About this exercise
With the pictures removed, the data below must be transcribed in full and exactly.

Dataset extract
┌──

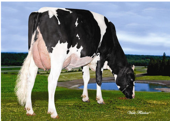
EDITORIAL DANE STOVIA
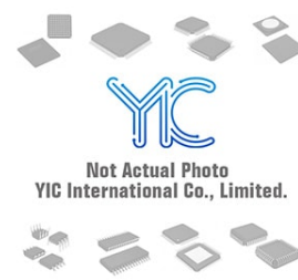
BU2173F-E2 ROHM ROHM SOP
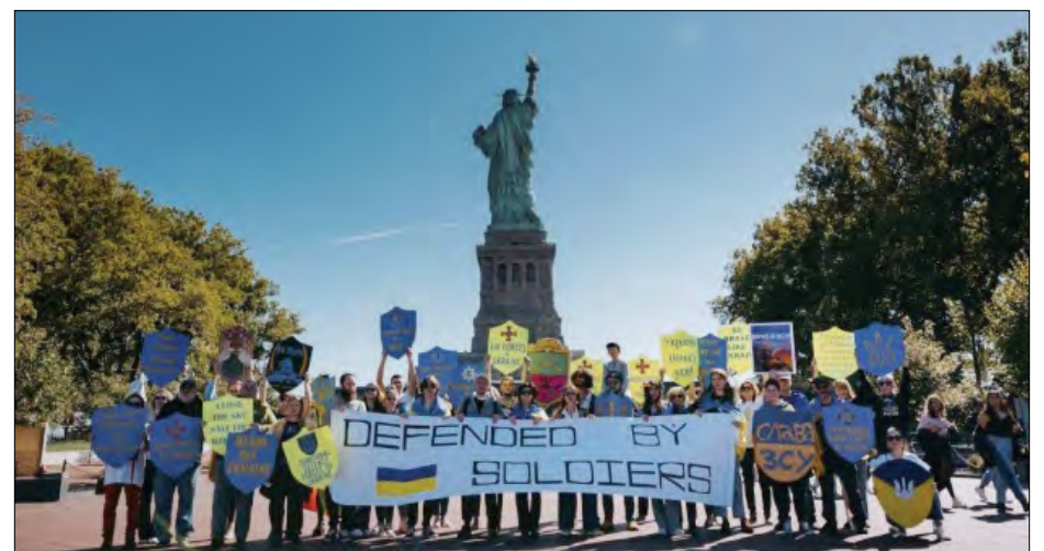
Українці під час акції на Острові Свободи.
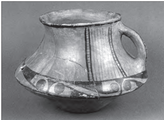
Кубок. Глина, ліплення, мінеральні фарби, розпис, теракота. Трипільська культура. IV—III тис. до н. е. Археологічний музей Інституту археології НАН України

└──

Answer area
EDITORIAL DANE STOVIA
BU2173F-E2 ROHM ROHM SOP
Українці під час акції на Острові Свободи.
Кубок. Глина, ліплення, мінеральні фарби, розпис, теракота. Трипільська культура. IV—III тис. до н. е. Археологічний музей Інституту археології НАН України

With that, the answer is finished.